Figure 1: The diphoton invariant mass distribution of all data events (black dots). The Higgs boson corresponds to the excess of events observed at 125 GeV with respect to the background (dashed line). (Image: ATLAS Collaboration/CERN)
About eleven years after its discovery, the Higgs boson is becoming increasingly central to the study of the fundamental structure of our universe. The ATLAS experiment, at the CERN Large Hadron Collider in Geneva, has just made public at the LeptonPhoton2023 conference the most precise measurement of the mass of the Higgs boson, breaking through for the first time the relative precision threshold of 0.1%. The mass of the Higgs boson (mH) is a free parameter of the Standard Model of elementary particles (SM) which must be determined experimentally.
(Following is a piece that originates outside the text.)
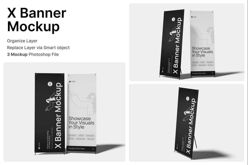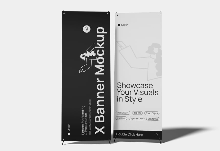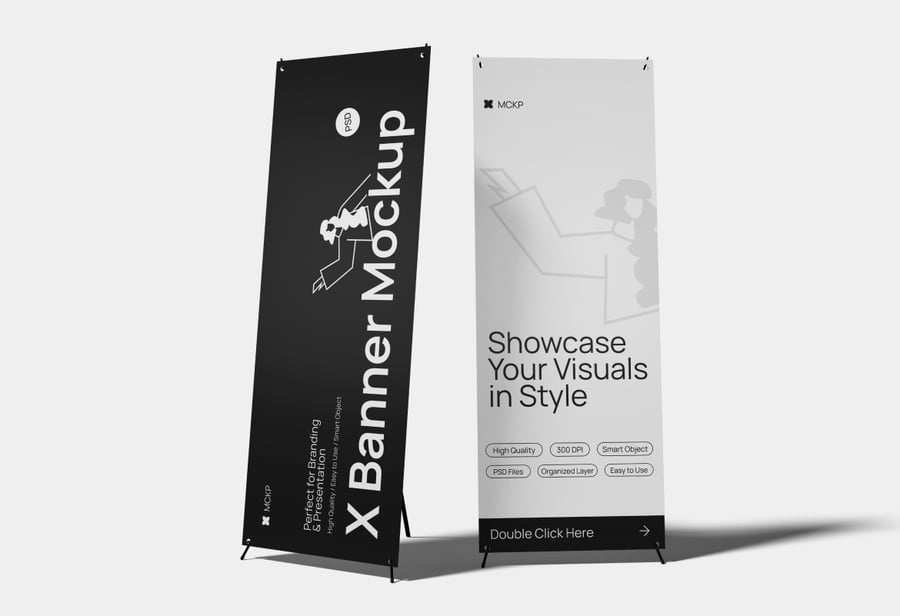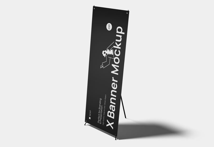 X 型横幅样机是一款专业的 Photoshop 模板,旨在以简洁逼真的方式展示促销横幅、活动视觉效果和品牌推广活动。它包含三个高质量的 PSD 场景,提供 X 型立式横幅的多个角度,让您能够以精确的比例、清晰的阴影和现代的风格展示您的设计。

The precise measurement of its value is of paramount importance in elementary particle physics: firstly, the production cross sections of the Higgs boson and its decay rates depend on its mass. Secondly, the mass values of the Higgs boson, the W boson and the top quark play a fundamental role in verifying the internal consistency of the Standard Model. Finally, the mass of the Higgs boson plays a key role in the shape and evolution with energy of the Higgs potential in the SM and, consequently, plays a crucial role in determining the stability of our universe.
Almost five years after the end of the data-taking phase called ”Run 2” (2015-2018), the ATLAS collaboration has released the final measurement of the mass of the Higgs boson in the two-photon decay channel. Compared to the previous ATLAS measurement in this channel, the new result benefits from a larger data sample which allowed halving of the statistical uncertainty and a remarkable reduction of a factor of four of the systematic uncertainty. This result was possible only thanks to a long and detailed study of the systematic uncertainties on the calibration of the photon energy scale. The value of the mass of the Higgs boson obtained by combining the new measurement with that obtained in "Run1" (2011-2012) in the same channel is:
mH= 125.22 ± 0.11(stat.) ± 0.09(syst.) GeV = 125.22 ± 0.14 GeV.
With an uncertainty of 1.1 per-mille, this measurement becomes the most precise ever obtained from a single decay channel.
mH= 125.11± 0.09(stat) ±0.06 (syst) GeV =125.11±0.11 GeV
This result, with a relative uncertainty of 0.09%, represents to date the most precise available measurement of this fundamental parameter.
The ATLAS group of the Milano University physics department and Milano INFN section has a long history of activity within the collaboration in the construction of the electromagnetic calorimeter, the pixel tracker and big-data computing. The measurement saw a fundamental contribution from the Milano analysis team, heavily involved in the calibration of the electromagnetic calorimeter and in the study of the decay channel of the Higgs boson into two photons.